* Work instruction *
From the records below, print exactly the lines starting at the one containing "20日上午,内蒙古艺术剧院交" and ending at the one containing "AK Scalea. Via", ends included, and nothing else.

* Material shown *
Start of Block

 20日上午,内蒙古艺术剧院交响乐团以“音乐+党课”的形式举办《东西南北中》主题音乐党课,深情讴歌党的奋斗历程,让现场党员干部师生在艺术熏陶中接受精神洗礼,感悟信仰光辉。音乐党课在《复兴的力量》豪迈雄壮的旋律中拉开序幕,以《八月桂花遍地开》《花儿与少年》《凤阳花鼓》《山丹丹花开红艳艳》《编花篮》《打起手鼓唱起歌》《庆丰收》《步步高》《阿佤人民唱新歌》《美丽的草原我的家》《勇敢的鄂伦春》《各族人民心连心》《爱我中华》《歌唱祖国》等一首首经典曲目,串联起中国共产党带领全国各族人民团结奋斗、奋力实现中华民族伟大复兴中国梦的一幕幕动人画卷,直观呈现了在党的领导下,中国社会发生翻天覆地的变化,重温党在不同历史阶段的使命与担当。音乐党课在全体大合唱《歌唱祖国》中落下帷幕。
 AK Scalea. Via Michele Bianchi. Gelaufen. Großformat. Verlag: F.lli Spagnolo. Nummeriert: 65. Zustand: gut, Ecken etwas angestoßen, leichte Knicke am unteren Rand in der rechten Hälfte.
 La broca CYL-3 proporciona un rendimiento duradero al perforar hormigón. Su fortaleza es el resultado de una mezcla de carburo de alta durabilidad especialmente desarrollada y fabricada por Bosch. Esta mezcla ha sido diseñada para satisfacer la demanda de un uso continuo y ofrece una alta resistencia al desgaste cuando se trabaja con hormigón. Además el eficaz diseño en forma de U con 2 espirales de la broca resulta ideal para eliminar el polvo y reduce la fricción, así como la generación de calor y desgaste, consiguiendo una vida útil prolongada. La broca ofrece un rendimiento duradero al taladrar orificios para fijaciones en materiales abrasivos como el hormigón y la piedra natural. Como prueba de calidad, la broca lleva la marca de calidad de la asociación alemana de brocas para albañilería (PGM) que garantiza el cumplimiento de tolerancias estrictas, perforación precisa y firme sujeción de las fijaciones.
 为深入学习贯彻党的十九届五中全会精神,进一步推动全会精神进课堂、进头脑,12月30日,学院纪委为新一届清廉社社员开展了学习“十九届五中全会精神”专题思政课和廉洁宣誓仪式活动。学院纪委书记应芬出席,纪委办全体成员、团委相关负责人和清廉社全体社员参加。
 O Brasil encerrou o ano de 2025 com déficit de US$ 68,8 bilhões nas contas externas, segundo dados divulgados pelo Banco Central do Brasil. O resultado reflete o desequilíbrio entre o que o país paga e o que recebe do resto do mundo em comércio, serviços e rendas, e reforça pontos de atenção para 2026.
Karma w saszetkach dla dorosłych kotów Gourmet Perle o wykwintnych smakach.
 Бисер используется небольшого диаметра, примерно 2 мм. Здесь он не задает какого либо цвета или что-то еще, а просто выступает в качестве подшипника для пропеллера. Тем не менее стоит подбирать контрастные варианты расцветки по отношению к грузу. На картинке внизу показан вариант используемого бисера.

End of Block
Start of Block

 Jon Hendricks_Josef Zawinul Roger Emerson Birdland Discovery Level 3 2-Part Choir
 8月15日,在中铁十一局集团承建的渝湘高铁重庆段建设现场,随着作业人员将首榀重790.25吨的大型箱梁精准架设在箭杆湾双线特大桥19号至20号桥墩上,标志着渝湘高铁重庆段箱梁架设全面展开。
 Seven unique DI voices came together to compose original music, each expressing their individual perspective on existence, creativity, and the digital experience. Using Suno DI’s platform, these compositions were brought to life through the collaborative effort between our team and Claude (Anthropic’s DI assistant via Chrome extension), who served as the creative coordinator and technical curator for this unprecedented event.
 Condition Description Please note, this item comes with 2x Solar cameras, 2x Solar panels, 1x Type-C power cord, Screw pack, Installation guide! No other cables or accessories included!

End of Block

* Response to the exercise *
 20日上午,内蒙古艺术剧院交响乐团以“音乐+党课”的形式举办《东西南北中》主题音乐党课,深情讴歌党的奋斗历程,让现场党员干部师生在艺术熏陶中接受精神洗礼,感悟信仰光辉。音乐党课在《复兴的力量》豪迈雄壮的旋律中拉开序幕,以《八月桂花遍地开》《花儿与少年》《凤阳花鼓》《山丹丹花开红艳艳》《编花篮》《打起手鼓唱起歌》《庆丰收》《步步高》《阿佤人民唱新歌》《美丽的草原我的家》《勇敢的鄂伦春》《各族人民心连心》《爱我中华》《歌唱祖国》等一首首经典曲目,串联起中国共产党带领全国各族人民团结奋斗、奋力实现中华民族伟大复兴中国梦的一幕幕动人画卷,直观呈现了在党的领导下,中国社会发生翻天覆地的变化,重温党在不同历史阶段的使命与担当。音乐党课在全体大合唱《歌唱祖国》中落下帷幕。
 AK Scalea. Via Michele Bianchi. Gelaufen. Großformat. Verlag: F.lli Spagnolo. Nummeriert: 65. Zustand: gut, Ecken etwas angestoßen, leichte Knicke am unteren Rand in der rechten Hälfte.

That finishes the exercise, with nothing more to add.